Keping Wu is an Associate Professor of Anthropology at Duke Kunshan University. Her research concerns issues of civic space and citizenship through case studies of ethnic interactions, civil society, religious diversity, state, and personhood from Southwest and Southeast China. Working on China-Myanmar-Tibetan borderlands, for instance, she explores issues of gender and racial equality, governance, ethnogenesis and citizenship. Her current project explores dynamics of creativity and resilience through an ecological lens, drawing attention to new human/non-human imaginaries implicated in urbanization processes in contemporary China.

Qian Zhu

Qian Zhu

Qian Zhu is an Assistant Professor of History at Duke Kunshan University, a historian of modern China, and a theorist of everyday life.
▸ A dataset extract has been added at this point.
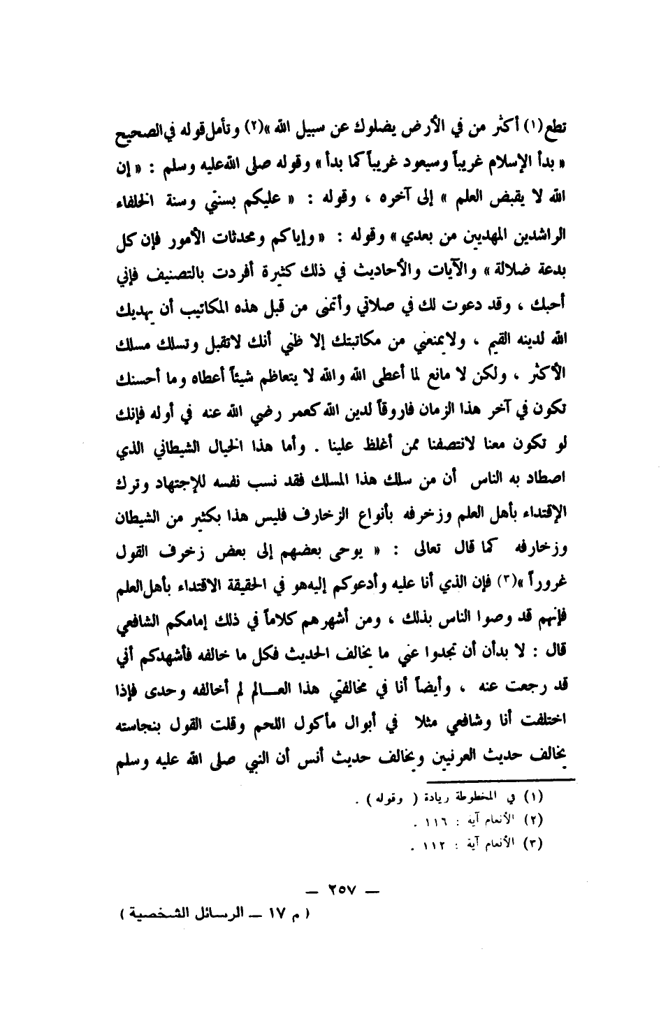 تُطِعْ أَكْثَرَ مَنْ فِي الأَرْضِ يُضِلُّوكَ عَنْ سَبِيلِ اللَّهِ} 1. وتأمل قوله في الصحيح: " بدأ الإسلام غريباً، وسيعود غريباً كما بدأ " 2، وقوله صلى الله عليه وسلم: " إن الله لا يقبض العلم ... إلخ " 3، وقوله: " عليكم بسنتي وسنة الخلفاء الراشدين المهديين من بعدي " 4، وقوله: " وإياكم ومحدثات الأمور! فإن كل بدعة ضلالة " 5. والآيات والأحاديث في ذلك كثيرة، أفردت بالتصنيف.

Zhu is particularly interested in how Chinese leftists understood the world and people’s everyday life regarding human emancipation, modernization, democracy, and mass politics in the first half of the 20th century. Her publications have analyzed the new village movement in China, women’s singleness in China, histories of migration in East Asia in the first half of the 20th century, and the mass education movement of 1930s China. Zhu’s first book addresses how anti-fascism and grassroot social movements responded to global capitalism and the Chinese revolution’s anti-colonial and nation-state building project. Her second book project focuses on the new village movement and how it related to the state policy of urbanization, governance, citizenship, and socialist and post-socialist urbanism in 20th century China.

Post-Graduate Affiliates

Elena Lopez

Elena Lopez

Elena Lopez is a PhD candidate in anthropology at James Cook University in Townsville, Australia. Her research interests include political philosophy, social- environmental and multispecies justice, conflict, nationhood, and understandings of citizenship. In her doctoral thesis, Elena disturbs current understandings of political community, aiming to learn something new about the conditions that can make living together possible and for decolonial ecologies to flourish. Launching an ethnographic investigation into the White settler and her understandings of shared responsibility, Elena explores the creative processes of political struggle to examine decolonial thought in relation to temporality, citizenship, and notions of white Australian identity.

Affiliated Students

Semin Kim

Semin Kim

Semin Kim is from the class of 2024 at Duke Kunshan University majoring in Molecular Bioscience with a track in Cell and Molecular Biology. She joined the Citizenship Lab as an administrative/research assistant in February 2022. Her primary responsibilities include advertising and coordinating events, communication with lab affiliates and guests, and website maintenance. She is delighted to support the lab’s upcoming activities!